Single-cell CRISPR screening

A limitation to bulk CRISPR screening is that this approach can only provide information on gRNA enrichment or depletion but does not allow functional characterization of the enriched or depleted cells. An attractive alternative strategy is the combination of CRISPR screening with single-cell transcriptomic or multi-omic read-out, hereafter referred to as sc-CRISPR. Sc-CRISPR does not only reveal changes in gRNA abundance but also profiles the transcriptome (or multi-ome) of individual cells, thereby providing functional insights (Fig. 2, Table 1). In the initial sc-CRISPR approaches, originally referred to as Perturb-seq [43, 44], CRISP-seq [45], CROP-seq [46] or Mosaic-seq [47], both the mRNA and the gRNAs were sequenced, which allowed the user to link each perturbation with its transcriptional signature (Fig. 1). In addition, CRISPRi [43, 47, 48] or CRISPRa [49,50,51] screening can be paired with single-cell sequencing to study the consequences of gene silencing or overexpression. All these approaches generate in-depth data on the gene expression changes following perturbation and allow transcriptomic fingerprinting of genes involved in various cellular processes such as development [48, 51], immune response [44, 46, 52], differentiation [45, 53] or pathway activation [54]. An overview of possible biological applications is listed in Table 2, with specific emphasis on the studies with relevance in the field of hematology research.

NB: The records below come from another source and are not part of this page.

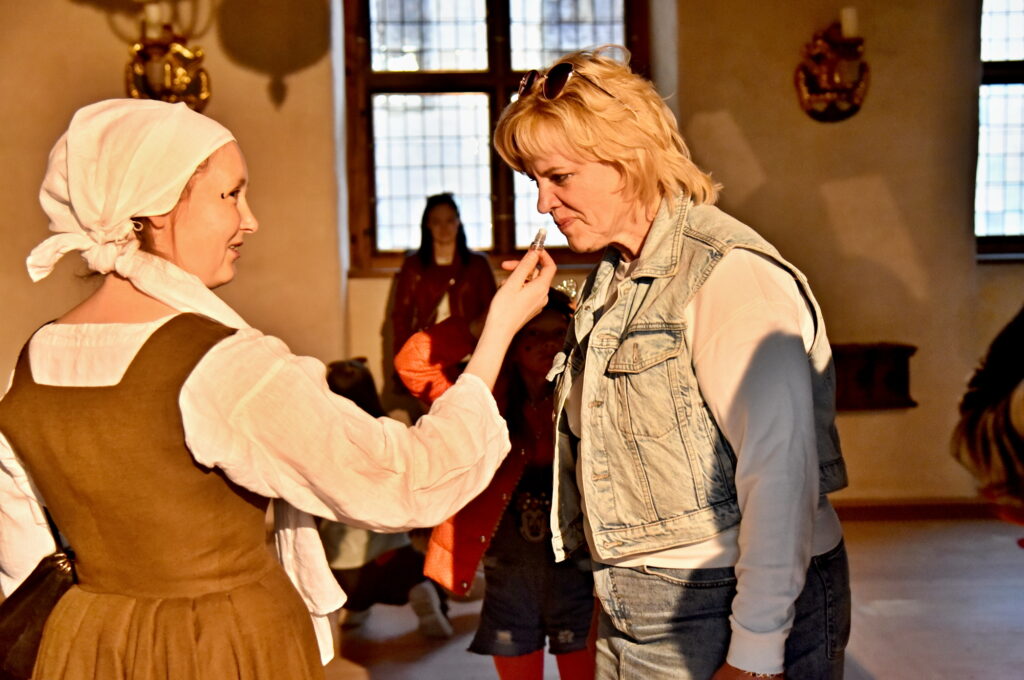 Pasākuma pirmajā daļā vislielākā uzmanība bija divām aktivitātēm. Bauskas pils muzeja pedagoģe Ilona Ozola iepazīstināja interesentus ar 16. gadsimta skaistuma kopšanas paņēmieniem. Stāstīja par maģiskajiem eliksīriem un dziedinošām ziedēm, kā arī iepazīstināja ar dažādiem skaistumkopšanas rituāliem un paņēmieniem, kā tajā laikā mēģināja pievērst pretējā dzimuma uzmanību.
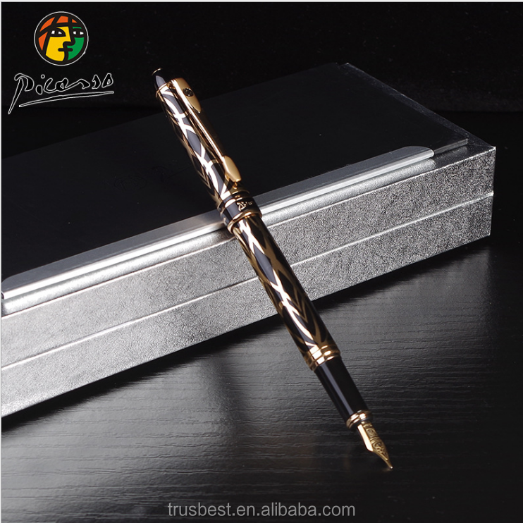 Picasso 901 Fountain Pen, Gold-plating with Carved logo Calligraphy Ink Fountain Pen
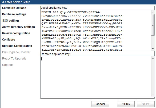 In the vCSA 5.0 copy the Local appliance key. Go to 5.1 vCenter, paste that key on the Remote appliance key field of the setup wizard screen and click Next. The Pre-Upgrade Checker screen will show up.
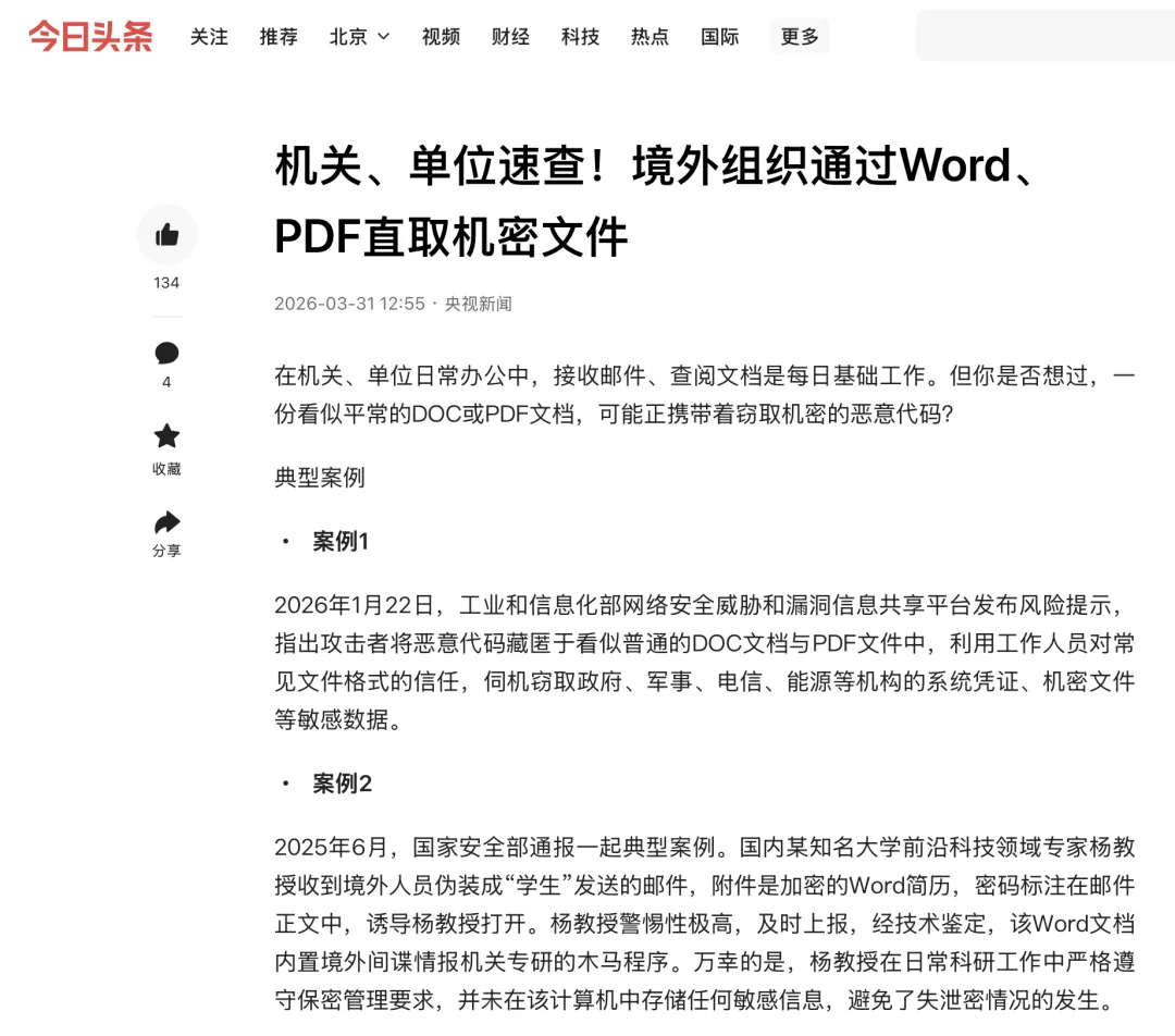 近期,央视新闻及国家安全部联合披露,境外间谍情报组织利用带有恶意宏的Word文档、伪装成正常文件的PDF病毒,对我国政企单位、科研机构发起定向窃密攻击,多起案例被官方通报,引发各单位全员安全排查、紧急补防。
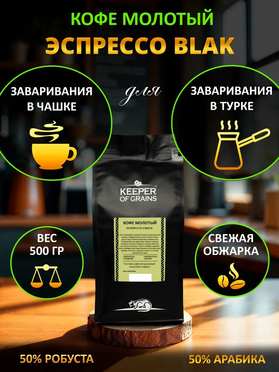 Keeper of Grains Кофе молотый для чашки, турки "Эспрессо Black "
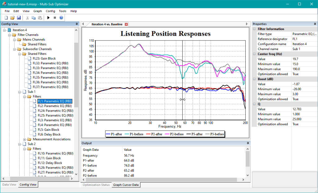 Although it’s possible to use it for identical equalization (EQ) of all subs at once, it does not depend on a global EQ approach like commercial room correction systems do. Such systems cannot reduce the seat-to-seat variation of the bass response. Instead, MSO performs optimization of EQ, gain and delay parameters individually for each subwoofer. This individual EQ optimization for each sub causes the variation of the bass response from seat to seat to be reduced, and the bass response at each listening position to be flattened.
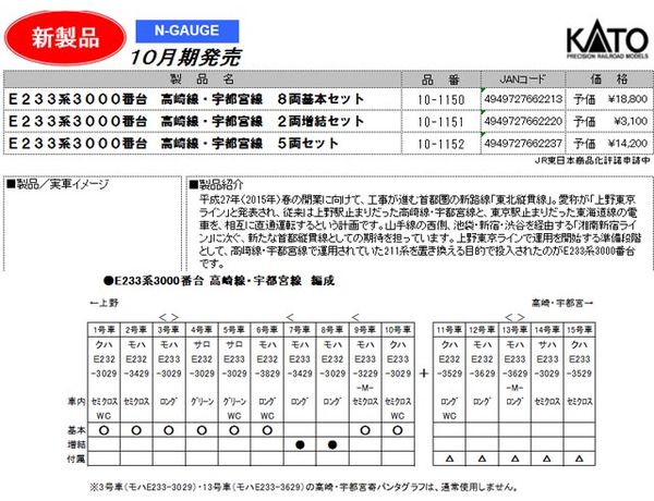 ?上野東京ライン用、211系置換用に増備されたE233系3000番台。高崎車両センター所属のL13+D13編成をプロトタイプに製品化。
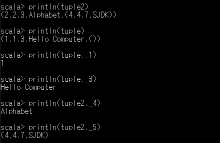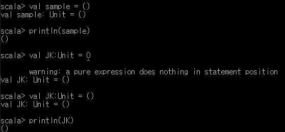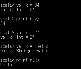 이제 간단한 입력들을 통해 scala 언어 문법을 확인해 보겠습니다.
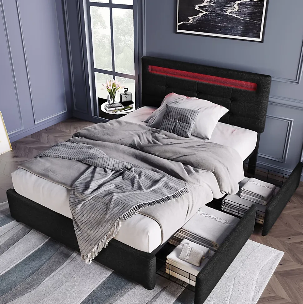 - 【Design élégant et moderne avec éclairage LED】 Ce lit est un mélange parfait de confort et de style. Sa tête de lit, ornementée de boutons décoratifs, ajoute une touche moderne, tandis que l’éclairage LED intégré, contrôlable par télécommande, vous permet d’ajuster la couleur et l’intensité de la lumière pour une ambiance personnalisée.
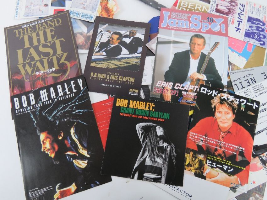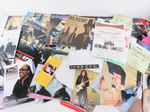 A large quantity of assorted pop, rock and metal concert memorabilia etc, mostly Japanese, inc W.A.S.P., Motley Crue, Metallica, Billy Joel, Pet Shop Boys, S Club 7, Pink Floyd, Steps, Wham (video stickers), Motorhead, Stereophonics, Korn lanyards, Bob Marley, Steely Dan, Eric Clapton, Bob Dylan, Ronan Keating, KISS, Busted, Rod Stewart 'Blondes Have More Fun' ticket 1979, six pages of stickers for Blink 182, Guns and Roses, Marilyn Manson, Nine Inch Nails, etc.
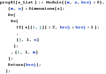 Napišite program koji ima za argument matricu a i računa koliko elemenata matrice ima koji su veći od 2.
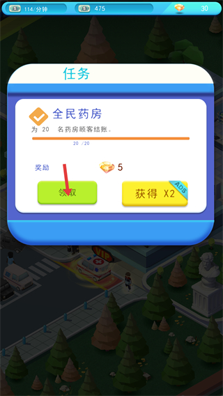 1、完成全民藥房任務為20名藥房顧客結賬后,可獲得5顆鉆石的獎勵,這些鉆石可用于升級醫院設施、提升員工能力等,助力醫院的進一步發展。
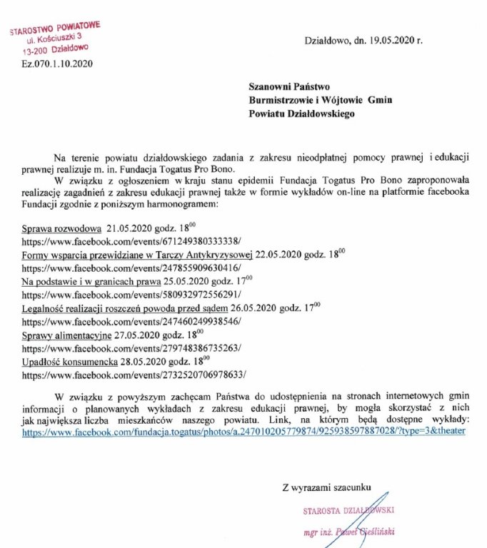 W związku z ogłoszeniem w kraju stanu epidemii ww. fundacja zaproponowała realizację zagadnień z zakresu edukacji prawnej także w formie wykładów on-line na platformie Facebooka zgodnie z poniższym harmonogramem:
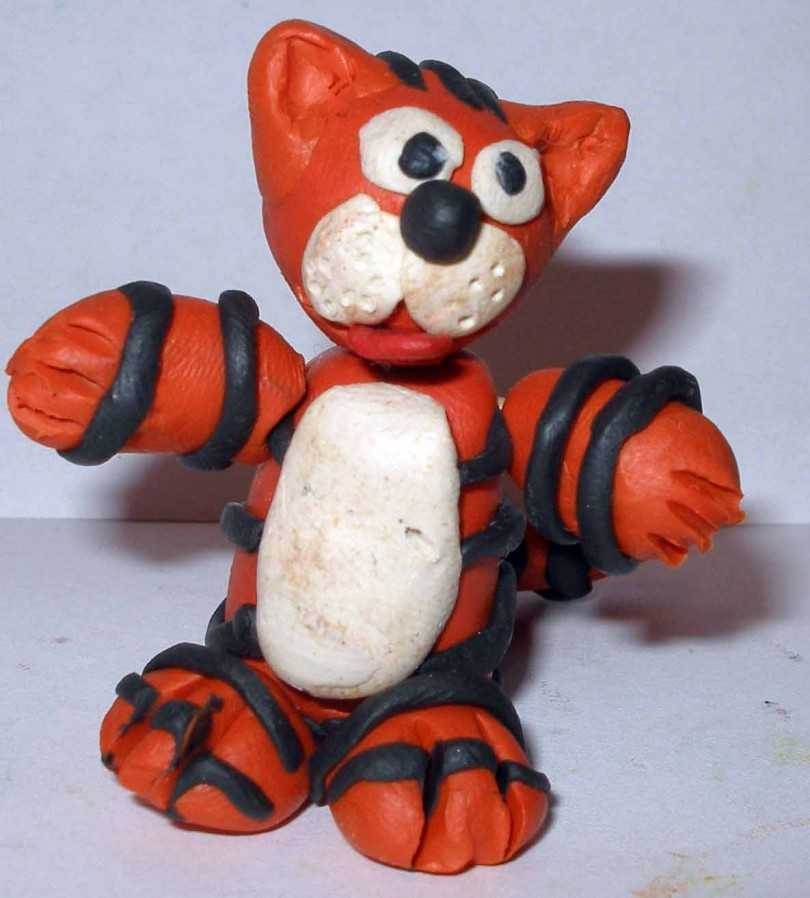 Из того же котика может получиться леопард. Как сделать из пластилина леопарда? Начинать делать его следует точно так же, как и кота. Но уши делаются не в форме треугольников, а немного закругленной формы (это хорошо видно на фото). Отличительной чертой леопарда являются пятна на его теле. Для того чтобы их сделать, нужно скатать несколько маленьких шариков и налепить их на леопарда так, чтобы они немного распластались на его теле.
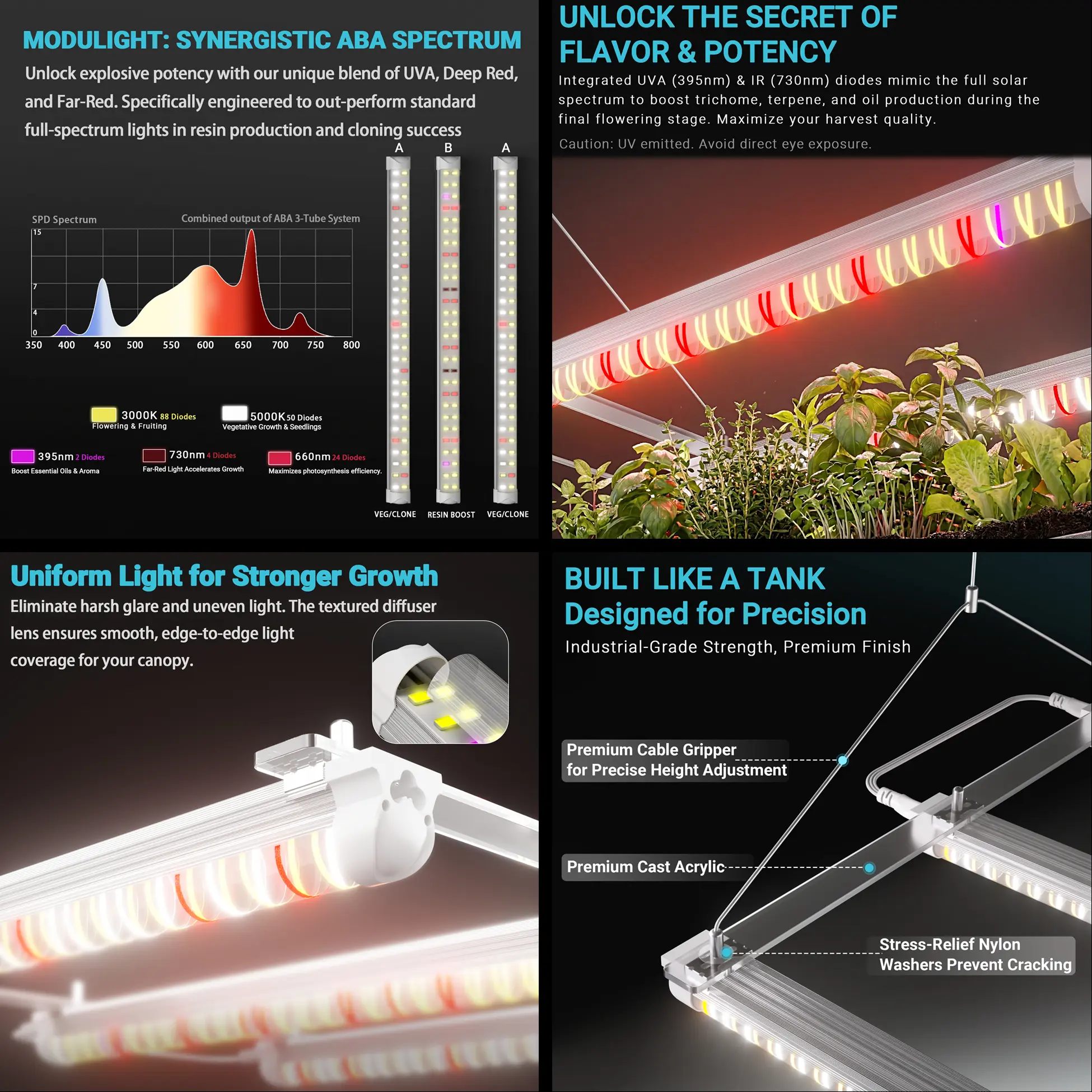 Resin Boost Technology: Integrated ABA Combo Spectra with 395nm UVA and 730nm IR diodes specifically engineered to maximize essential oil production, terpenes, and plant potency.
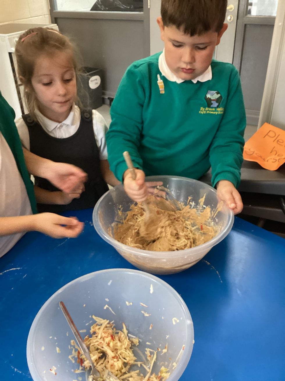 We have continued to look at instructions and featurse of instructions. We have looked at imperative verbs, time conjunctions and adverbs this week. Then we followed a recipe today to make apple cakes with the apples that grow on the school grounds!
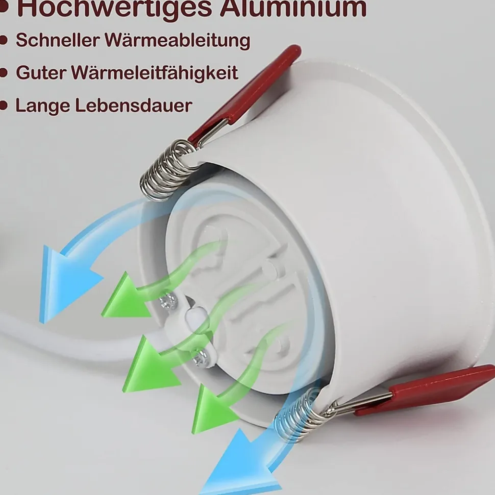 Produit : matériau : acrylique et aluminium. Couleur de la lumière : 4000k blanc neutre. Couleur : blanc. Profondeur de montage : 45mm.consommation électrique : 5w.flux lumineux : 200 lm.Luminaire résistant à l’humidité ip44 : le luminaire encastré à led avec indice de protection ip44 est un objet d’éclairage idéal pour les salles de bains et autres pièces humides, car il est entièrement protégé contre la poussière et les éclaboussures d’eau.Ampoules led : les led montées dans les spots fournissent un éclairage blanc neutre très agréable à 4000 k et une distribution lumineuse assez large.Facilité d’installation : grâce au dispositif de serrage rapide, le luminaire est très facile à raccorder et peut être installé sans outils.Scénario : le design rond avec sa surface blanche est particulièrement simple, de sorte que le spot encastré à led économe en énergie peut être utilisé presque partout.
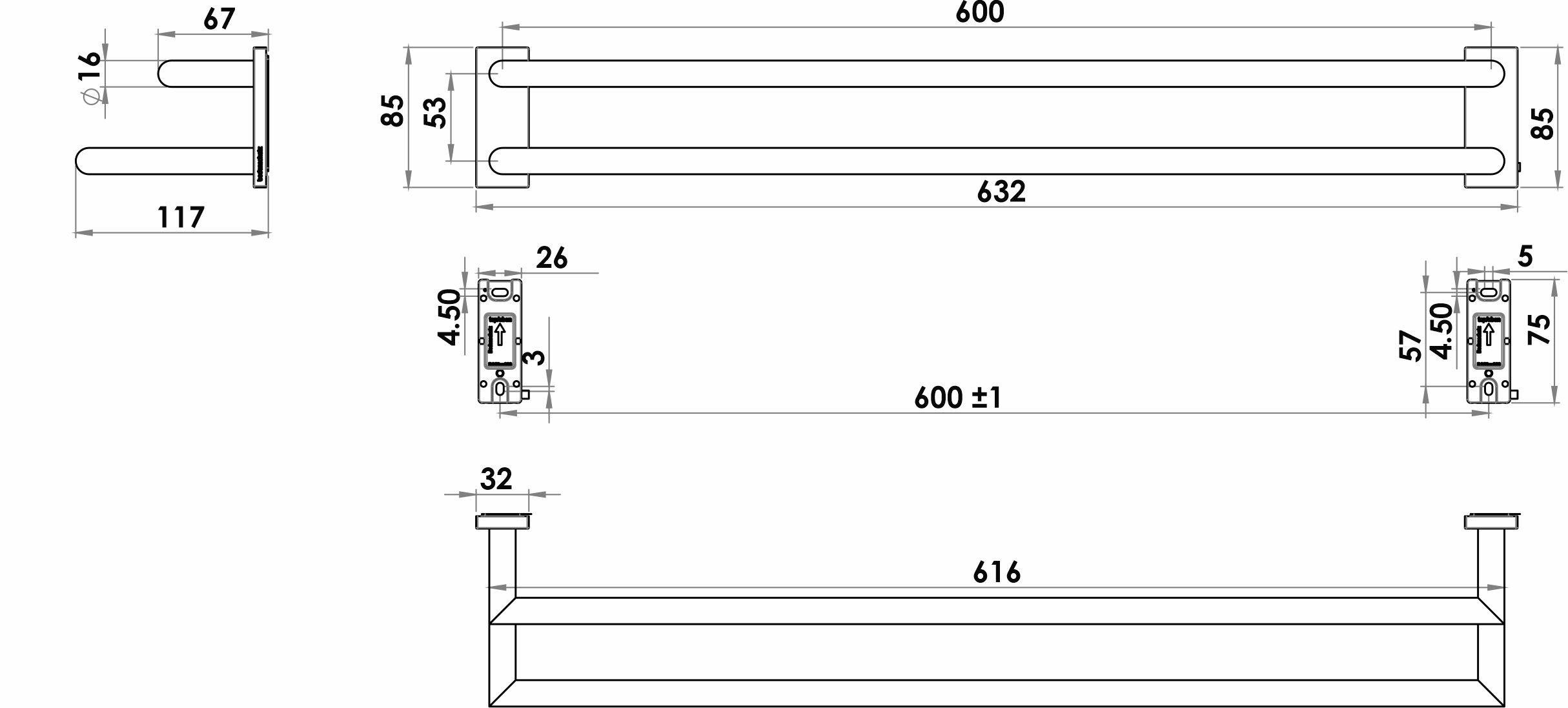 SIGNA Porta asciugamani doppio 60 cm cromato, sporgenza 11.7 cm, Montaggio Adesio per incollaggio o foratura, incl. materiale di fissaggio (senza adesivo), quantità riempimento adesivo: 2x 1.4 ml SikaFast
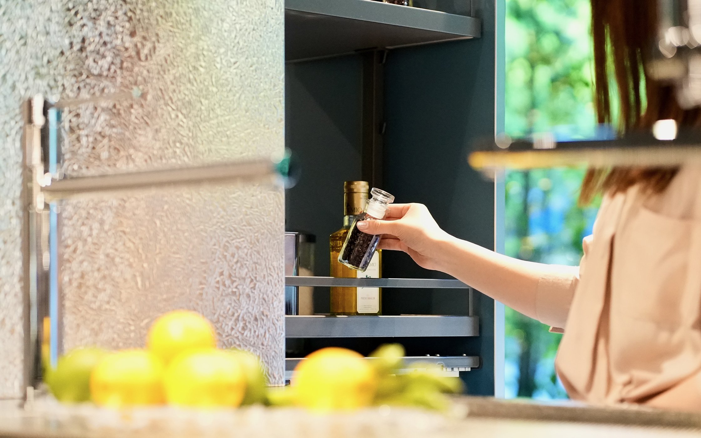 使用頻度をチェックして、よく使う調味料は使いたい時にサッと取り出せるように手の届く高さの場所にしまいましょう。特に頻繁に使うものは手前に置くようにすると出し入れがよりスムーズになります。システムキッチンのグリル横には小さい引き出しが付いているので、小分けにした塩や胡椒、砂糖などを入れると使いやすくなります。

Table 1 Overview of the technical details of the different published sc-CRISPR studies
Table 2 Summary of the biological applications of sc-CRISPR

Single-cell technology

Single-cell sequencing is a powerful means for revealing heterogeneity within a cell population and allows the study of rare cell types which may remain concealed in bulk sequencing studies (Fig. 1). The earliest protocols for single-cell RNA-sequencing (scRNA-seq) were based on isolation of single cells in separate wells of a microwell plate, each containing lysis buffer and reagents for cDNA synthesis and barcoding (STRT-seq [55], SMART-seq [56]). These plate-based techniques allow recovery of full-length cDNA by paired-end sequencing and do not require any specialized equipment but are labor-intensive with a limited throughput. Later, the first fluidics circuits were developed by Fluidigm to separate single cells in reaction chambers on a chip [57].

The advance of high-throughput droplet-based microfluidics technology drastically increased the cell throughput via encapsulation of single cells in emulsion droplets (Drop-seq [58], inDrop [59], 10X Genomics [60]). Such technologies evolve rapidly, but currently the commercially available 10X Genomics platform is widely used as it outperforms inDrop and Drop-seq in terms of bead quality, mRNA capture efficiency and data noise [61]. Microfluidics systems have high throughput but have the disadvantage that cDNA undergoes single-end sequencing, which reduces the sensitivity and fails to detect single-nucleotide polymorphisms or isoforms. Interestingly, Scifi-seq can facilitate an even higher throughput at lower relative cost thanks to multiple rounds of combinatorial pre-indexing, pre-labeling each transcriptome with a unique combination of barcodes [62, 63]. The fact that different transcriptomes can be distinguished based on unique barcodes allows overloading of microfluidics droplets while still being able to computationally demultiplex individual transcriptomes [64]. More recently, well-based approaches are gaining popularity, where single cells are partitioned by gravitational sedimentation into nanoliter wells [65, 66]. This approach allows single cells to gently settle into a well by gravity and therefore does not require FACS sorting or microfluidics pressure, which can be harsh on the cells and may confound the transcriptome by upregulating stress-response genes. Finally, a novel scalable method was developed for single-cell encapsulation without the need for specific resources such as microfluidics or nanowells, but simply through vortexing with templated emulsification [67].

gRNA capture approaches

A crucial consideration for sc-CRISPR is the fact that gRNAs are typically not poly-adenylated since they are transcribed from an RNA polymerase III promoter and can therefore not be detected by standard poly-A-based mRNA capture. A modified vector, that allows direct detection of either the gRNA itself or a coupled barcode sequence, is required (Table 1).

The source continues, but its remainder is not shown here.